Collected data
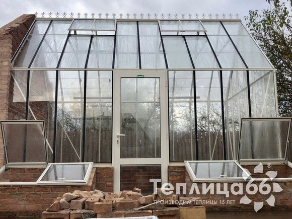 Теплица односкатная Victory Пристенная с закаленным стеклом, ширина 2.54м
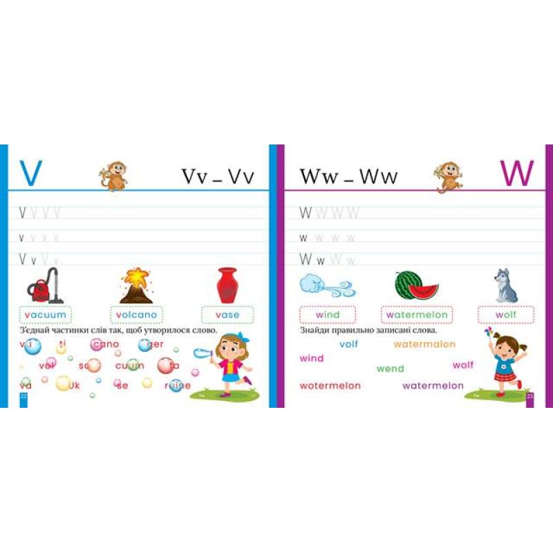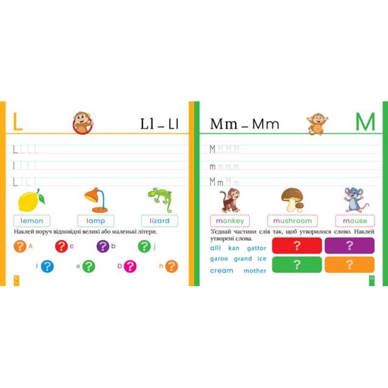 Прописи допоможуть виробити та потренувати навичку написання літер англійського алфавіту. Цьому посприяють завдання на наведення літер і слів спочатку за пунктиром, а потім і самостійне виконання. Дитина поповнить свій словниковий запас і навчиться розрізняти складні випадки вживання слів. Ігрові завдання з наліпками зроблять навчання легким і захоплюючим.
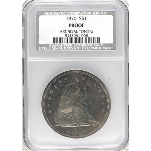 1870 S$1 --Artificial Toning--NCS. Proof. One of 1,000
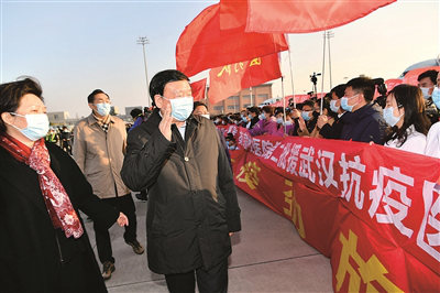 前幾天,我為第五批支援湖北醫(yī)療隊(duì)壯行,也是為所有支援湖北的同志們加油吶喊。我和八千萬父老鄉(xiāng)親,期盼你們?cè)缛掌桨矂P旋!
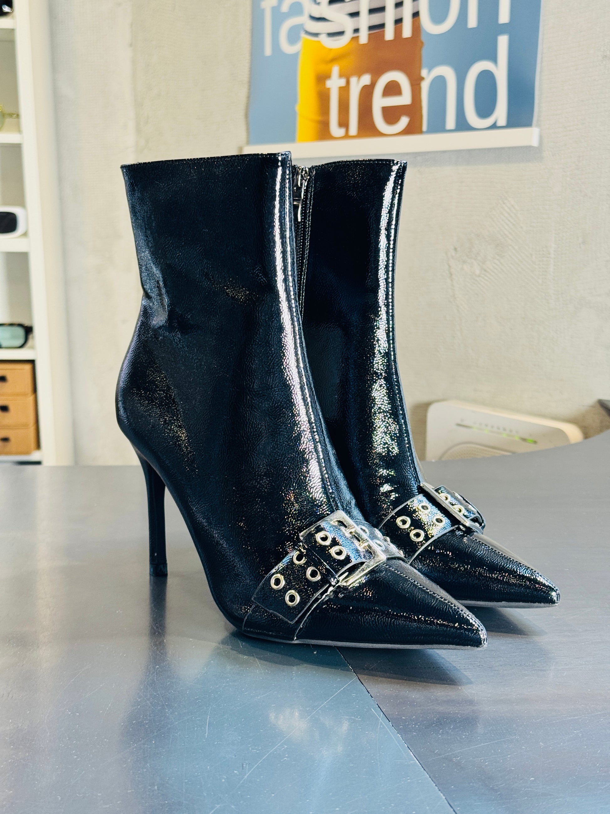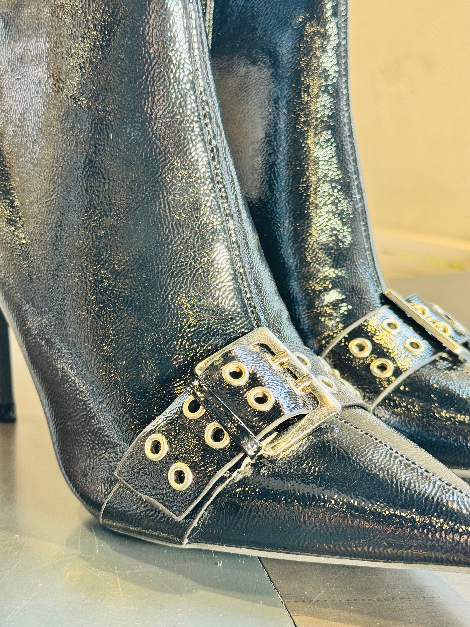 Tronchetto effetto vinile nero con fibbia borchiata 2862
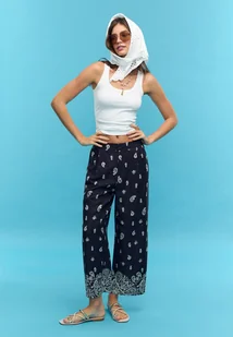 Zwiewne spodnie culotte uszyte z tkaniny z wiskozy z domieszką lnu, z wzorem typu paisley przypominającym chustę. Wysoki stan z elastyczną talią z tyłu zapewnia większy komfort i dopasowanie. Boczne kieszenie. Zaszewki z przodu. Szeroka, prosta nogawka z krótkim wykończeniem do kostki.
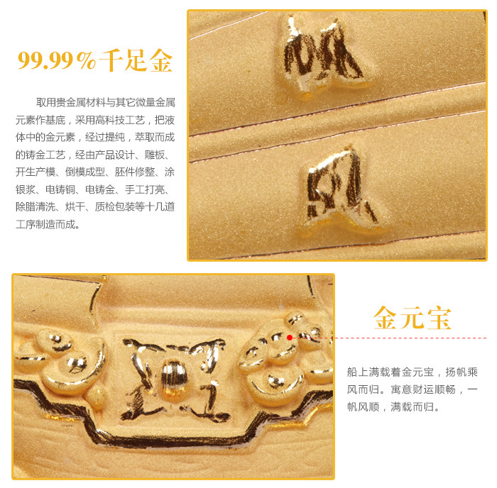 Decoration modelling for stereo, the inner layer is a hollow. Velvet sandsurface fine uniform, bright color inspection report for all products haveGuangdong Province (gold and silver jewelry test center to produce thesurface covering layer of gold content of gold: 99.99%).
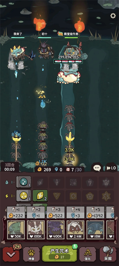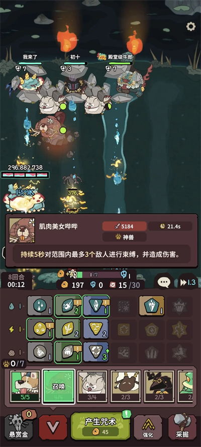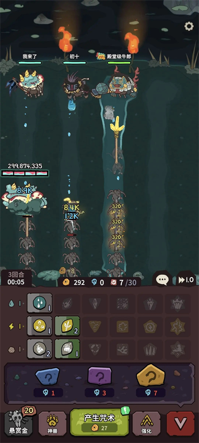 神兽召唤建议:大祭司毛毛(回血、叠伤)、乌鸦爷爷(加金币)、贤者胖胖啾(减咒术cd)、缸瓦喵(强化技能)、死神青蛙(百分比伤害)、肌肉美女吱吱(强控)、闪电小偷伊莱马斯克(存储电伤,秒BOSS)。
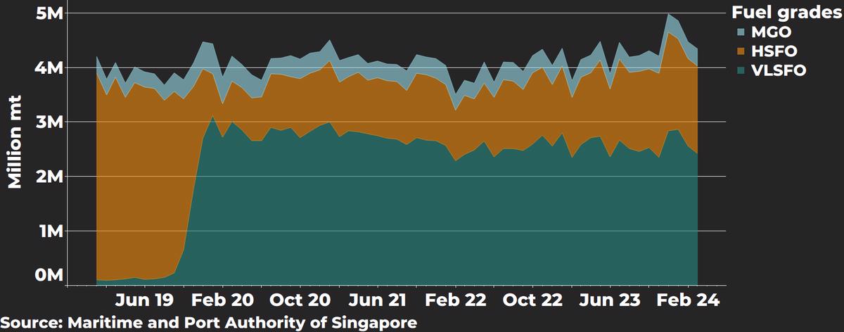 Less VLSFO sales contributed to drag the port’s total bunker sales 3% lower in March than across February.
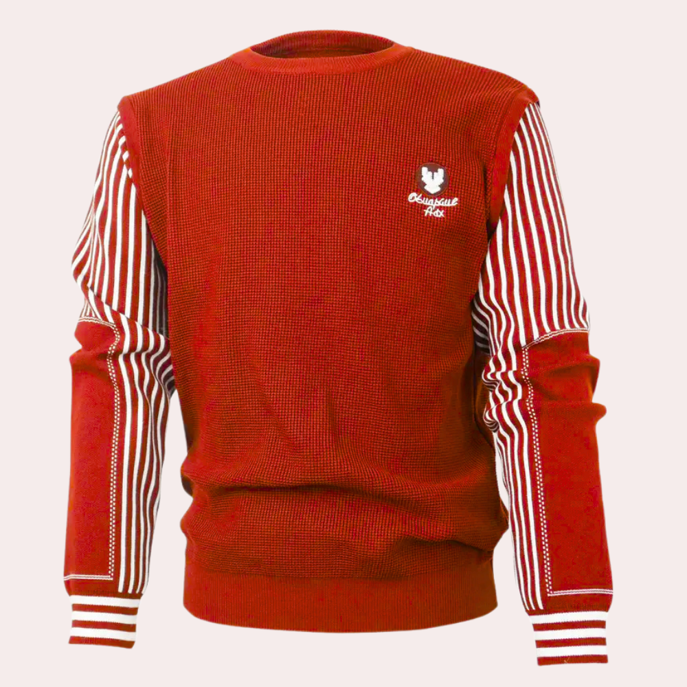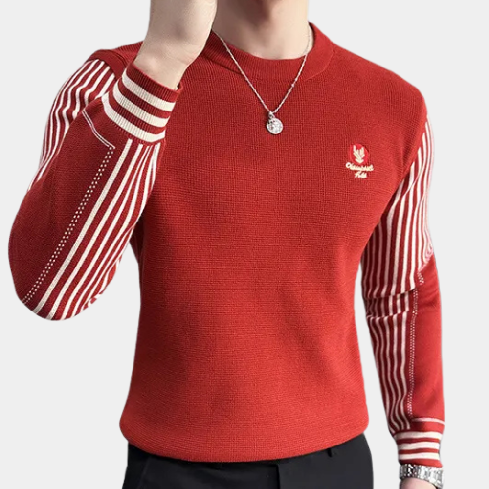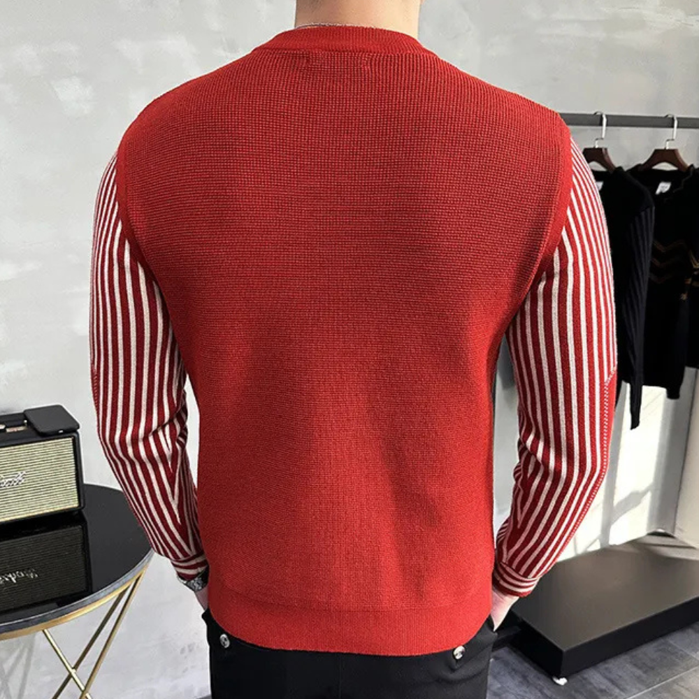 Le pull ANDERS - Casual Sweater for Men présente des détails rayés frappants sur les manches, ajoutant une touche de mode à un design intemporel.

ASSIGNMENT
Make a word-for-word copy of the records above, excluding all pictures.

WRITTEN REPLY
 Теплица односкатная Victory Пристенная с закаленным стеклом, ширина 2.54м
 Прописи допоможуть виробити та потренувати навичку написання літер англійського алфавіту. Цьому посприяють завдання на наведення літер і слів спочатку за пунктиром, а потім і самостійне виконання. Дитина поповнить свій словниковий запас і навчиться розрізняти складні випадки вживання слів. Ігрові завдання з наліпками зроблять навчання легким і захоплюючим.
 1870 S$1 --Artificial Toning--NCS. Proof. One of 1,000
 前幾天,我為第五批支援湖北醫(yī)療隊(duì)壯行,也是為所有支援湖北的同志們加油吶喊。我和八千萬父老鄉(xiāng)親,期盼你們?cè)缛掌桨矂P旋!
 Tronchetto effetto vinile nero con fibbia borchiata 2862
 Zwiewne spodnie culotte uszyte z tkaniny z wiskozy z domieszką lnu, z wzorem typu paisley przypominającym chustę. Wysoki stan z elastyczną talią z tyłu zapewnia większy komfort i dopasowanie. Boczne kieszenie. Zaszewki z przodu. Szeroka, prosta nogawka z krótkim wykończeniem do kostki.
 Decoration modelling for stereo, the inner layer is a hollow. Velvet sandsurface fine uniform, bright color inspection report for all products haveGuangdong Province (gold and silver jewelry test center to produce thesurface covering layer of gold content of gold: 99.99%).
 神兽召唤建议:大祭司毛毛(回血、叠伤)、乌鸦爷爷(加金币)、贤者胖胖啾(减咒术cd)、缸瓦喵(强化技能)、死神青蛙(百分比伤害)、肌肉美女吱吱(强控)、闪电小偷伊莱马斯克(存储电伤,秒BOSS)。
 Less VLSFO sales contributed to drag the port’s total bunker sales 3% lower in March than across February.
 Le pull ANDERS - Casual Sweater for Men présente des détails rayés frappants sur les manches, ajoutant une touche de mode à un design intemporel.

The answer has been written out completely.